As the first President with no connection to the aristocratic elite of the East, Jackson brought to the White House and the country a new perspective on democracy and helped establish what he called “the republican rule that the people are the sovereign power.” We can only wonder how the nation’s political character might have been altered had the lawyer’s bullet struck an inch closer to its mark that May morning.

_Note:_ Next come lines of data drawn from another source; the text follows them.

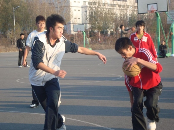图为3V3篮球赛决赛中大一的蚂蚁队对阵大二的小细腿队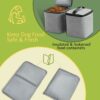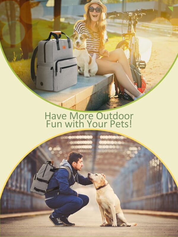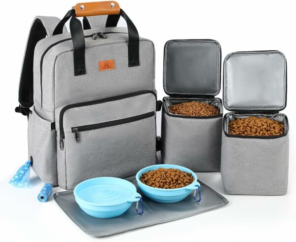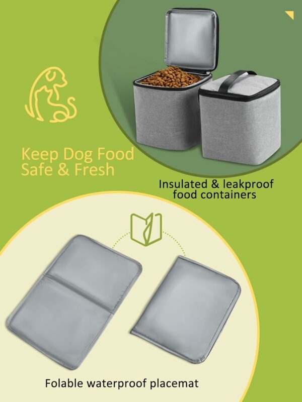 Keep Dog Food Fresh: Two large dog food containers can hold up to a week’s worth of food depending on the dog. And the food carriers are fully insulated and leak-proof, keeping your pooch’s food/treats fresh and safe no matter where you go, on a hillside or the beach.
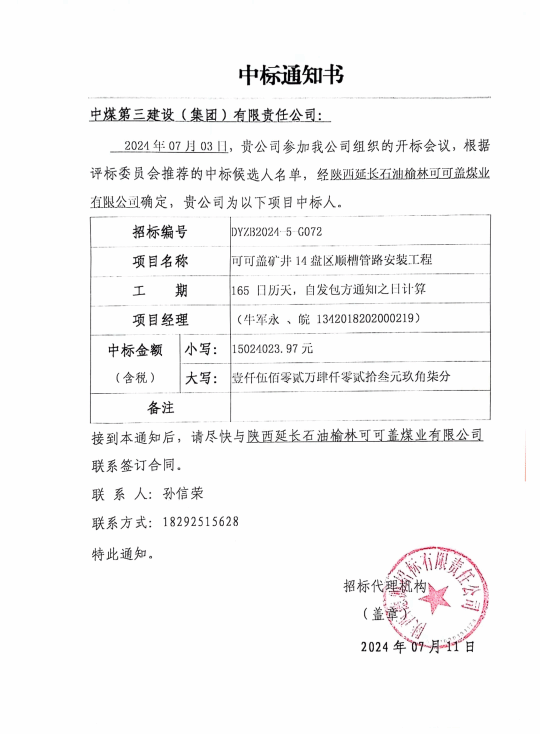 可可盖矿井井下综合管网、11盘区排水泵房、抗灾排水泵房安装工程项目位于陕西省榆林市榆阳区,主要建设内容包括可可盖矿井井下11盘区水泵房、配电室及井下大巷部分消防洒水管道、排水管道、压缩空气管道、注氮管道等安装;排水泵房自动化排水控制系统安装、设备入井运输、设备试验等配套工程,工期为175日历天。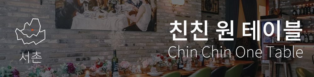시간이 느리게 흐르는 곳 서촌에 자리 잡은 소담한 레스토랑 친친 원 테이블. 규모는 작지만, 엄청나게 긴 테이블 위에는 탐스러운 생화가 장식되어있다. 매일매일 바뀌는 생화는 친친 원 테이블의 이재훈 셰프가 손님에게 건네는 인사이자 마음이다. 이재훈 셰프는 벌써 서촌에서만 4곳의 레스토랑을 운영하고 있는 서촌의 큰손이다. 친친 원 테이블의 소박하지만 아기자기한 소품으로 보는 것만으로도 미소가 절로 나오는 곳이다. 훌륭한 가격의 알찬 구성의 평일 런치 코스는 요즘 날씨처럼 가벼운 마음으로 즐기는 이탈리안 레스토랑다. 창이 크고, 생화가 올라간 긴 테이블에서 점심을 먹고 있으면, 꼭 흥겨운 피로연에 초대받은 것처럼 입과 가슴이 흥겹다.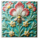 A ceramic tile featuring a raised relief design of flowers and a yellowjacket bee. The background color of the tiles is a vibrant turquoise. The top row of tiles displays two flowers with red and white petals and yellow centers, surrounded by green leaves and tendrils. The bottom row features smaller yellow flowers with green centers, also accompanied by green leaves and tendrils.

As for dueling, the custom faded quickly following the much less decorous violence of the Civil War. What Benjamin Franklin had called a “murderous practice” ultimately succumbed not to laws but to public opinion. The majority of Americans came to concur with the novelist Hugh Henry Brackenridge that the custom was ludicrous rather than noble. A character in his 1792 satire Modern Chivalry answers a challenge from a British officer this way: “If you want to try your pistols, take some object, a tree or a barn door about my dimensions. If you hit that, send me word, and I shall acknowledge that if I had been in the same place, you might also have hit me.”

—Jack Kelly writes often for American Heritage magazine and is the author of Gunpowder: Alchemy, Bombards, and Pyrotechnics—A History of the Explosive That Changed the World (Basic Books).